* _Task item_
Copy the records below word for word. Stop after the line that contains "[25] Throughout his".

(Data extracted from a collection)
+ + + +
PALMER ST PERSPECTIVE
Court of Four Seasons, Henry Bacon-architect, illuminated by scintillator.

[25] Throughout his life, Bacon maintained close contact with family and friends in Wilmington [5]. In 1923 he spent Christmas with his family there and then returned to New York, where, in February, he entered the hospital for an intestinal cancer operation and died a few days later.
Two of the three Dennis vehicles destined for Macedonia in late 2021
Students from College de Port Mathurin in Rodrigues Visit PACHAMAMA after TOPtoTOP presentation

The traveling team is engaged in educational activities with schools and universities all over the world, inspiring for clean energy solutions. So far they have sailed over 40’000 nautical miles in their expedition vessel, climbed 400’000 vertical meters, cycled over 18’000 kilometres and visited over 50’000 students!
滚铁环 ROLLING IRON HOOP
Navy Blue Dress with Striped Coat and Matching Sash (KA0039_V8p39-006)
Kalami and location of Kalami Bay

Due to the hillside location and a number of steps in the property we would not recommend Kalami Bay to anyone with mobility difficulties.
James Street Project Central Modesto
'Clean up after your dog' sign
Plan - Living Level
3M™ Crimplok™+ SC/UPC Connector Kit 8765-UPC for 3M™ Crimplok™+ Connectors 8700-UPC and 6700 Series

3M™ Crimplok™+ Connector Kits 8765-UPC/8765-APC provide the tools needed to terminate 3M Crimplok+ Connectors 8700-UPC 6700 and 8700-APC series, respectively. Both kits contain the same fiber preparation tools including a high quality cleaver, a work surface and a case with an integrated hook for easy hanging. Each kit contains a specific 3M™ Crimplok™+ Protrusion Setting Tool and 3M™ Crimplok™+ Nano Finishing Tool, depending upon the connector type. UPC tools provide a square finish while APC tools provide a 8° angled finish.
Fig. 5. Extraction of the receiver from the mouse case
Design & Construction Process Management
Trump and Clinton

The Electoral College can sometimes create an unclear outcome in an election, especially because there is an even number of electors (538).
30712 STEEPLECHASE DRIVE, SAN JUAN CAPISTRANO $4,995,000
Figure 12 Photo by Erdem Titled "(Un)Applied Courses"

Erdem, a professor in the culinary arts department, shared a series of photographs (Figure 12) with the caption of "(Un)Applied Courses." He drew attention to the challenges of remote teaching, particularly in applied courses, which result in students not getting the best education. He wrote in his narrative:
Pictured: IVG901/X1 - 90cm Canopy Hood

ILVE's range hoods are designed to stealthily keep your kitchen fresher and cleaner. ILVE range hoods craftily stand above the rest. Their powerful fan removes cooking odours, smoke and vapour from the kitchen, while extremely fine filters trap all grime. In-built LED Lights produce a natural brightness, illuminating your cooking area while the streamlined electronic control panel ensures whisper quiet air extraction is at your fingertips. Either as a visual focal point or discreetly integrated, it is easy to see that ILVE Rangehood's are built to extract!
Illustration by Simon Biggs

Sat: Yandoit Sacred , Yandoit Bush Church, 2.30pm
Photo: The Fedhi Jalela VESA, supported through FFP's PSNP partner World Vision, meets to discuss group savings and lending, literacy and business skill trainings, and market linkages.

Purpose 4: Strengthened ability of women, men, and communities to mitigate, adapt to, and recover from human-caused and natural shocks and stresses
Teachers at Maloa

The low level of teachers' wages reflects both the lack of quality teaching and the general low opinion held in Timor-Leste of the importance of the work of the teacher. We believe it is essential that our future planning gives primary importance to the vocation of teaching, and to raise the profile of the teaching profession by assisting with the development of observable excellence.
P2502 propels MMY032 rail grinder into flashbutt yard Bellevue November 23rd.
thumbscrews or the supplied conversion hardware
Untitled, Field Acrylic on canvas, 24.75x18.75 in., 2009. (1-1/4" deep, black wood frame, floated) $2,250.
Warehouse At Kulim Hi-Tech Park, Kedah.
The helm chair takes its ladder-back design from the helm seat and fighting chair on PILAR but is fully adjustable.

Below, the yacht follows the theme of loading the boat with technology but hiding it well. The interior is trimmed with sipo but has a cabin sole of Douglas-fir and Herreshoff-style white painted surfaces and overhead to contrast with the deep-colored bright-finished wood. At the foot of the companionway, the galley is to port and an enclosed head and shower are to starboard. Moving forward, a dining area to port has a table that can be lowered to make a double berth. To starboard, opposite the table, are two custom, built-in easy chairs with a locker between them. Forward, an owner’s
+ + + +
* _Written answer_
PALMER ST PERSPECTIVE
Court of Four Seasons, Henry Bacon-architect, illuminated by scintillator.

[25] Throughout his life, Bacon maintained close contact with family and friends in Wilmington [5]. In 1923 he spent Christmas with his family there and then returned to New York, where, in February, he entered the hospital for an intestinal cancer operation and died a few days later.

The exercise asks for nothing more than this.